目标:已存cuda10.1,安装cuda11.1,希望切换使用

1. 查询系统及驱动信息:

cat /proc/driver/nvidia/version

 2. 在官网下载cuda进行安装:

官网链接:CUDA Toolkit Archive | NVIDIA Developer

选择CUDA版本后,选择系统信息后复制命令进行下载:

wget https://developer.download.nvidia.com/compute/cuda/11.1.0/local_installers/cuda_11.1.0_455.23.05_linux.run
sudo sh cuda_11.1.0_455.23.05_linux.run

continue, accecpt, 全选install后报错:Installation failed. See log at /var/log/cuda-installer.log for details. 发现driver安装失败,搜索后发现说是因为原本有driver这里就不应该选择安装。但是原driver版本太低,不适用CUDA11.1,需要更新。

3. 重装驱动

(1)删除原驱动

sudo apt-get remove nvidia-*
sudo apt-get autoremove

报错:E: Unmet dependencies. Try 'apt-get -f install' with no packages (or specify a solution)

——大概是包有损失。

(2)安装缺失的包

根据提示运行:

apt-get -f install

接着报错:E: Sub-process /usr/bin/dpkg returned an error code (1)

搜索后有一个解决的建议:

先备份再删除dqkg/info的内容,结果还是不行——其实因为这段命令有问题,没删掉,后文有正确的清空info文件夹操作

sudo cp -rp /var/lib/dpkg/info/ /var/lib/dpkg/info.bak/
sudo rm -rf /var/lib/dpkg/info/*xxx*
sudo apt-get -f install

之前只关注了最后一行报错信息,其实前面还有一些报错内容:

dpkg-deb: error: subprocess paste was killed by signal (Broken pipe)
Errors were encountered while processing:
 /var/cache/apt/archives/nvidia-cuda-dev_7.5.18-0ubuntu1_amd64.deb

搜索后得到建议:

sudo dpkg -i --force-overwrite /var/cache/apt/archives/nvidia-cuda-dev_7.5.18-0ubuntu1_amd64.deb

结果继续报新的错:

nvidia-cuda-dev depends on libcudart7.5 (= 7.5.18-0ubuntu1); however:
  Package libcudart7.5:amd64 is not configured yet.

dpkg: error processing package nvidia-cuda-dev (--install):
 dependency problems - leaving unconfigured
Processing triggers for man-db (2.7.5-1) ...
Errors were encountered while processing:

继续搜搜给的建议回到了清空dqkg/info这里,我疑惑,不是已经清理过了吗,到这个文件夹里一看好家伙内容全都在呢。
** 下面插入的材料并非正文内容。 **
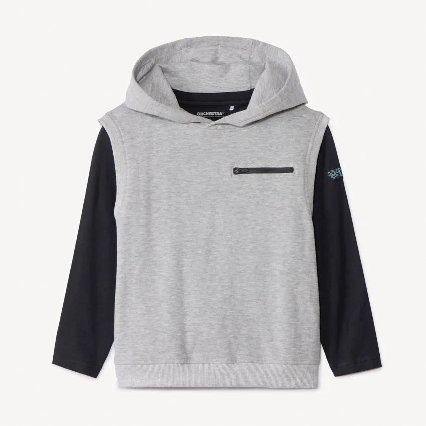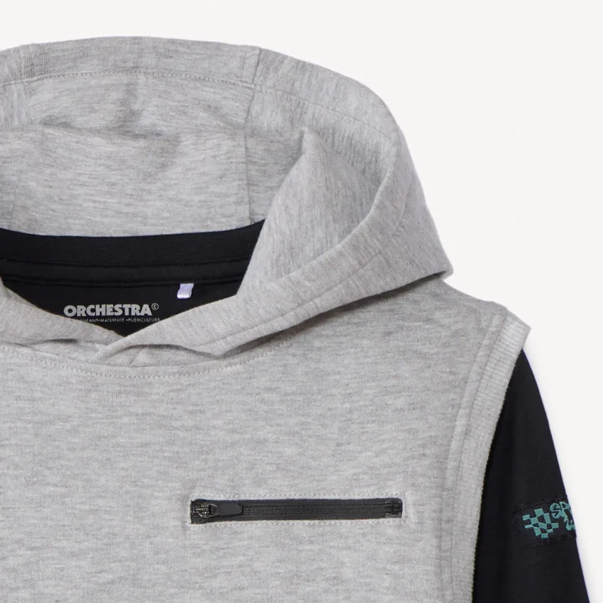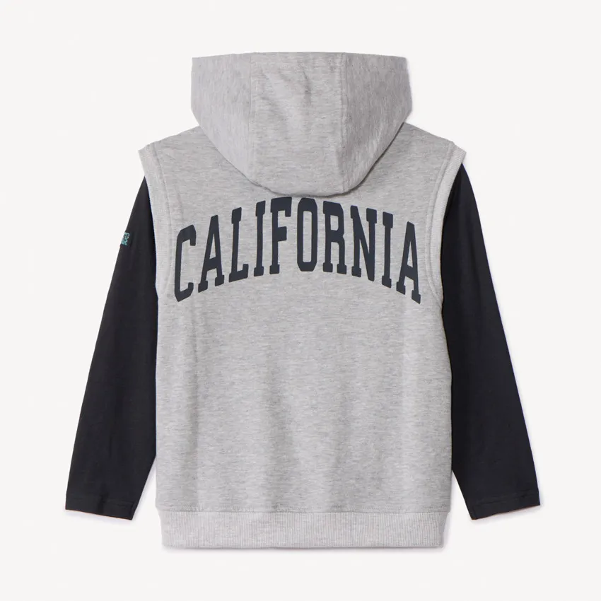 Свитшот без рукавов из светло-серого флиса, с круглым вырезом и капюшоном того же цвета. Спереди горизонтальный карман на молнии чёрного цвета с левой стороны груди. Низ слегка присборенный, спинка однотонная.
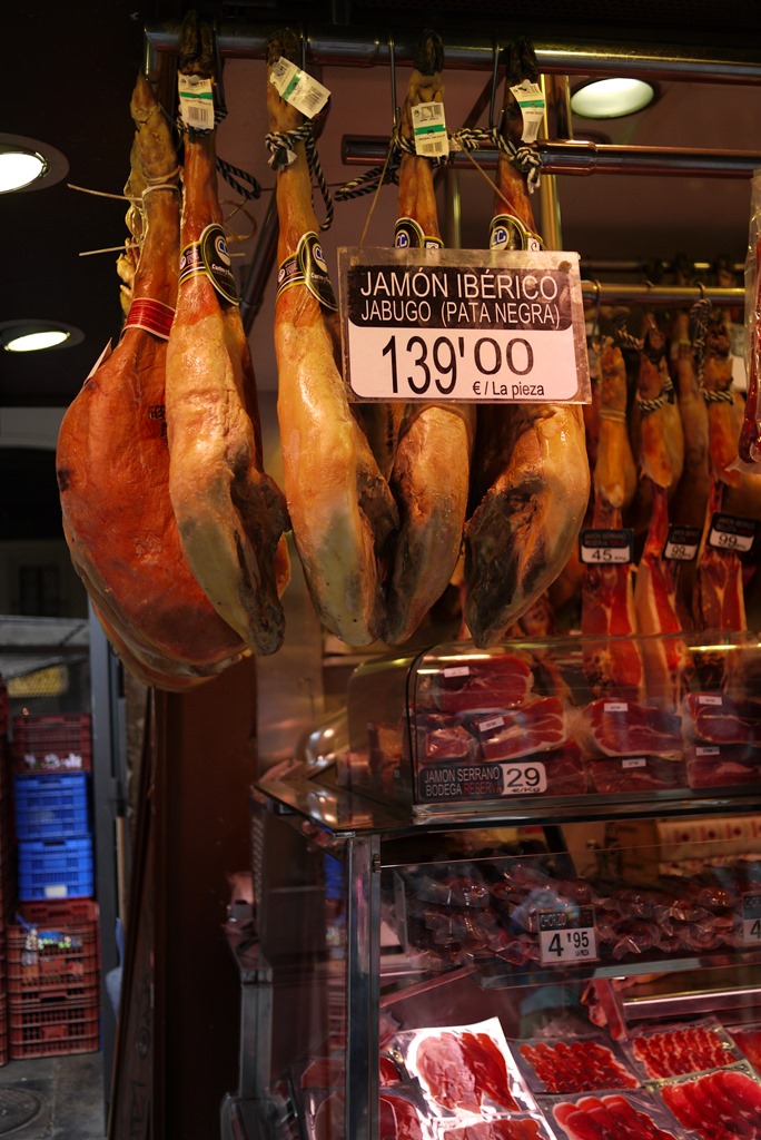 The hanging leg of meat is pork, the staple meat of Spain. I believe it is cured and served in thin slices. The meats here are delicious and served with pride. It is quite a delight.
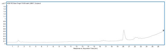 The qualitative and quantitative analyses of the plant extract, obtained fractions, purified compounds, biological samples, and the analytical standards were performed using an Agilent Technologies (Santa Clara, CA, USA) mass spectrometer (ESI-Q-TOF-MS, 6500 Series) with a high performance liquid chromatograph (HPLC), also by Agilent Technologies (1200 Series, Santa Clara, CA, USA), equipped with a binary pump, solvent degasser, thermostated column chamber, autosampler, and a PDA detector. The analyses were performed using spectroscopic purity solvents (acetonitrile, water, and formic acid; J.T. Baker).
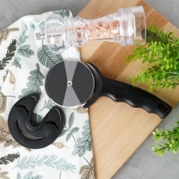 Coupe-pizza pratique avec disque rond en acier inoxydable et capuchon de protection, offrant une coupe confortable et sûre. Il possède une poignée ergonomique avec trou de suspension, coupe facilement même les pâtes épaisses et, grâce à sa roulette tranchante, divise la pizza en parts régulières. Matériaux durables, rangement sûr avec capuchon et entretien facile.
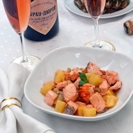 Sparkling rosé brut pairs perfectly with salmon dishes.
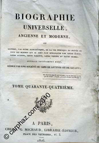 P 767 T 160 | Biographie Universelle | Broché Tome 44 | L. G. Michaud, Libraire-Editeur | 1826 | |||||||||||||||||||||||||||||
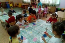 "Дәү әнигә яулык бизәү" темасына кисеп-ябыштыру шөгыле.
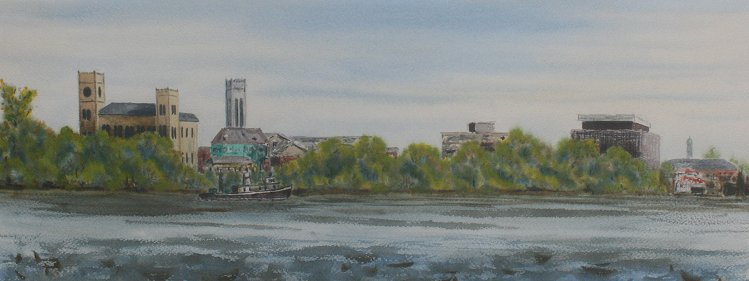 REINIKE III, Charles, (American, 1947-): Mississippi Coast, Watercolor, sight size 10'' x 28 1/2'', signed, framed, 19'' x 36''. Louisiana Artist.
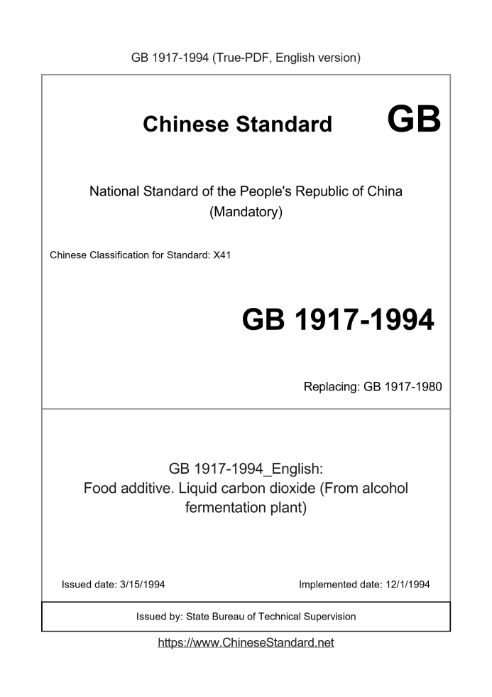 GB 1917-1994: Food additive. Liquid carbon dioxide (From alcohol fermentation plant)
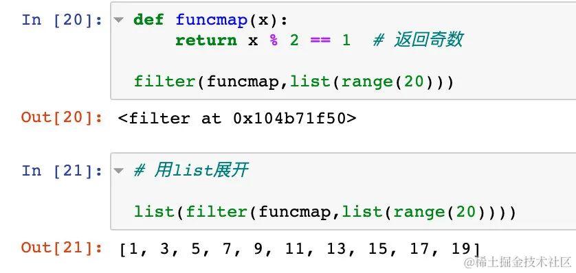 返回的是 filter对象。如果想看具体的数据,需要使用 list来展开。

于是按照新建议操作:

sudo mv /var/lib/dpkg/info/ /var/lib/dpkg/info_old/
sudo mkdir /var/lib/dpkg/info/

这下是一个崭新的空info文件夹了,apt-get -f install成功。

sudo apt-get remove nvidia-*成功

sudo apt-get autoremove成功

用以下命令检查卸载干净与否:没有任何输出就是卸好了

sudo dpkg --list | grep nvidia-*

到这里删除原驱动成功,已经可以回到第2步用CUDA顺便装新的driver了!

下面是我的单独装驱动尝试——

(3)用PPA安装显卡驱动(需要网络):

sudo add-apt-repository ppa:graphics-drivers
sudo apt-get update

sudo apt-get update时报错没有合法签名:

W: An error occurred during the signature verification. The repository is not updated and the previous index files will be used. GPG error: https://repo.mongodb.org/apt/ubuntu xenial/mongodb-org/4.2 Release: The following signatures were invalid: KEYEXPIRED 1681764390
W: GPG error: http://repo.mongodb.org/apt/ubuntu xenial/mongodb-org/3.4 Release: The following signatures were invalid: KEYEXPIRED 1578250443
W: The repository 'http://repo.mongodb.org/apt/ubuntu xenial/mongodb-org/3.4 Release' is not signed.
N: Data from such a repository can't be authenticated and is therefore potentially dangerous to use.
N: See apt-secure(8) manpage for repository creation and user configuration details.
W: Failed to fetch https://repo.mongodb.org/apt/ubuntu/dists/xenial/mongodb-org/4.2/Release.gpg  The following signatures were invalid: KEYEXPIRED 1681764390
W: Some index files failed to download. They have been ignored, or old ones used instead.

搜索得到的建议:

curl -s https://repo.mongodb.org/apt/ubuntu/dists/xenial/mongodb-org/4.2/Release.gpg | sudo apt-key add -

报错:gpg: no valid OpenPGP data found.

搜索后得到的建议是分成2步,先下载到本地再添加key:

curl -O https://repo.mongodb.org/apt/ubuntu/dists/xenial/mongodb-org/4.2/Release.gpg
sudo apt-key add Release.gpg

结果仍然报同样的错。

尝试直接进行下一步:查找显卡驱动最新的版本号

sudo apt-cache search nvidia

出现很多行,但没有见到大于等于455.23的...最高版本只有418

尝试强行指定一下:

sudo apt-get install nvidia-driver-455-server

unable to locate...

好吧那换种方法,手动下载了来安装——

(1)查看显卡版本(其实....大家不搜应该也知道

lspci | grep -i vga

得到4行结果:

19:00.0 VGA compatible controller: NVIDIA Corporation Device 1e04 (rev a1)
1a:00.0 VGA compatible controller: NVIDIA Corporation Device 1e04 (rev a1)
67:00.0 VGA compatible controller: NVIDIA Corporation Device 1e04 (rev a1)
68:00.0 VGA compatible controller: NVIDIA Corporation Device 1e04 (rev a1) 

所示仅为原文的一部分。